My primary failure was that I did not put together a roster that made my kids compete against one another. They were too comfortable from the moment they got to campus. I had my reasons for letting the roster take the shape it did. In hindsight I can tell you what they were.

One is that I thought Marquis Teague might be with us a second year because he wouldn’t be quite ready for the NBA. I certainly hoped he would stay, for his own sake—and maybe I hoped a little too hard. That following season I was hoping the Harrison twins, point guard and shooting guard, would be with us. I didn’t want to do anything to mess up their recruitment.

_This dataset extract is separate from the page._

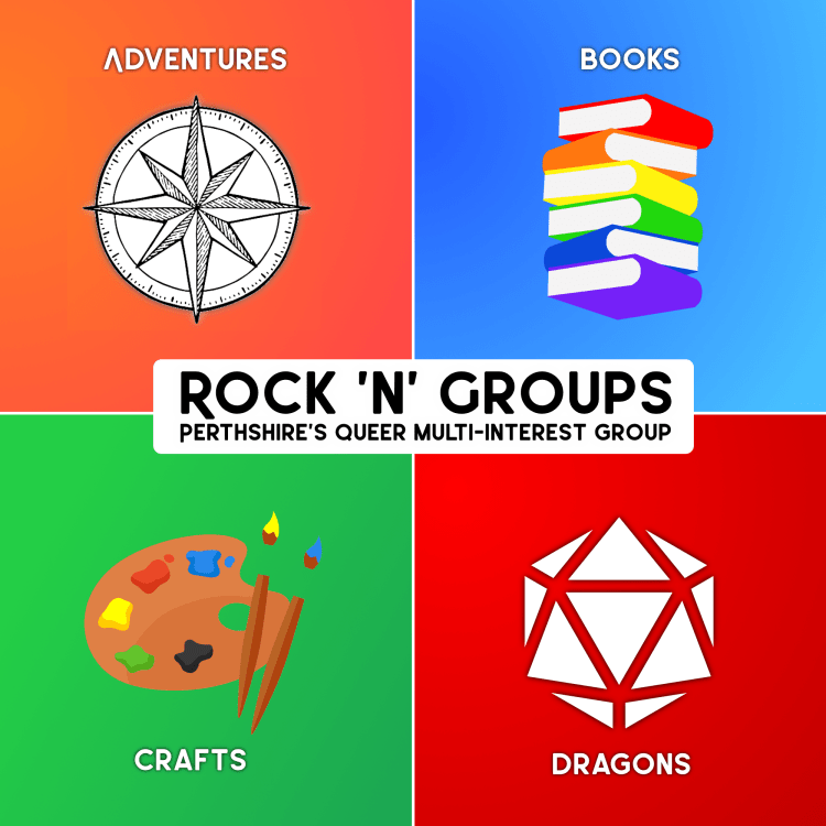 Rock ‘N’ Groups is our activity group for LGBTQ+ people with all sorts of interests. Including books, adventures, crafts or table top games!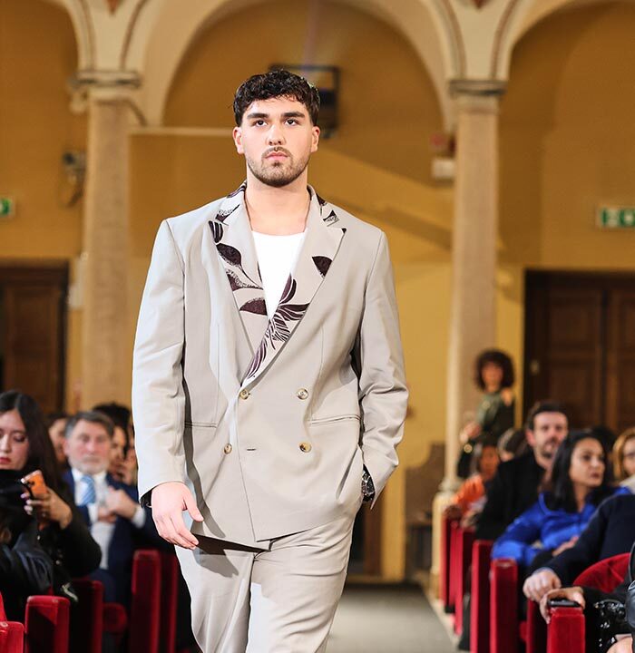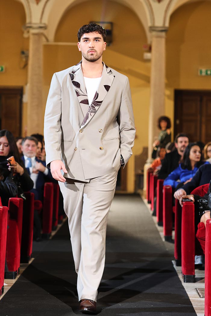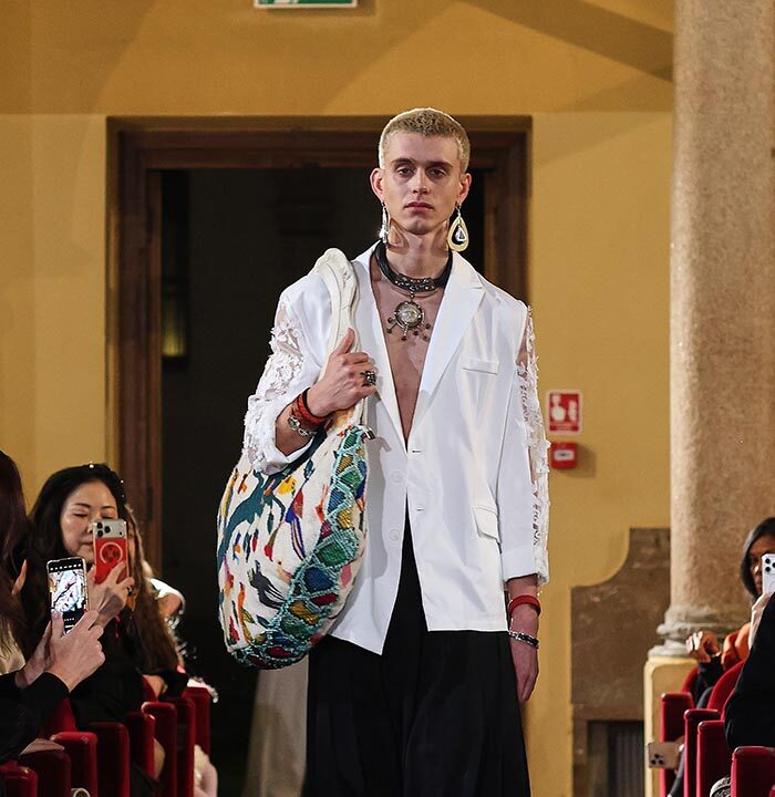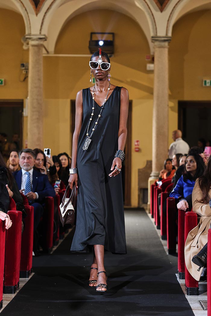 In the millenary courtyard of Centro Ambrosiano, the Showroom Experience extended the runway narrative into a curated environment designed for dialogue between designers, buyers, and international press. Among the featured brands, GUROZI (Georgia) presented a refined selection of artisanal accessories and bags distinguished by material research and a minimalist yet culturally rooted aesthetic. GUROZI’s creations articulated a contemporary vision of Eastern European design — symbolic, essential, and globally positioned. The interaction between couture garments and crafted accessories created a balanced conversation between structure and object, between garment and icon, offering a complete and immersive fashion ecosystem.

And I didn’t want whatever point guard I brought in to get caught between the Marquis and Andrew Harrison eras and maybe never really get a chance.

Clever, right? But I paid for it. And if I’m being 100 percent honest with myself, my team paid for it. I am not absolving them of responsibility for how they played, but nothing in my Players First philosophy says that I should protect kids from competition. It’s just the opposite. I serve them by giving them competition.

I know better than anybody that just having a group of talented guys in not enough. In college basketball you absolutely must have good guard play—and especially at the point guard position. It’s what makes everything else tick.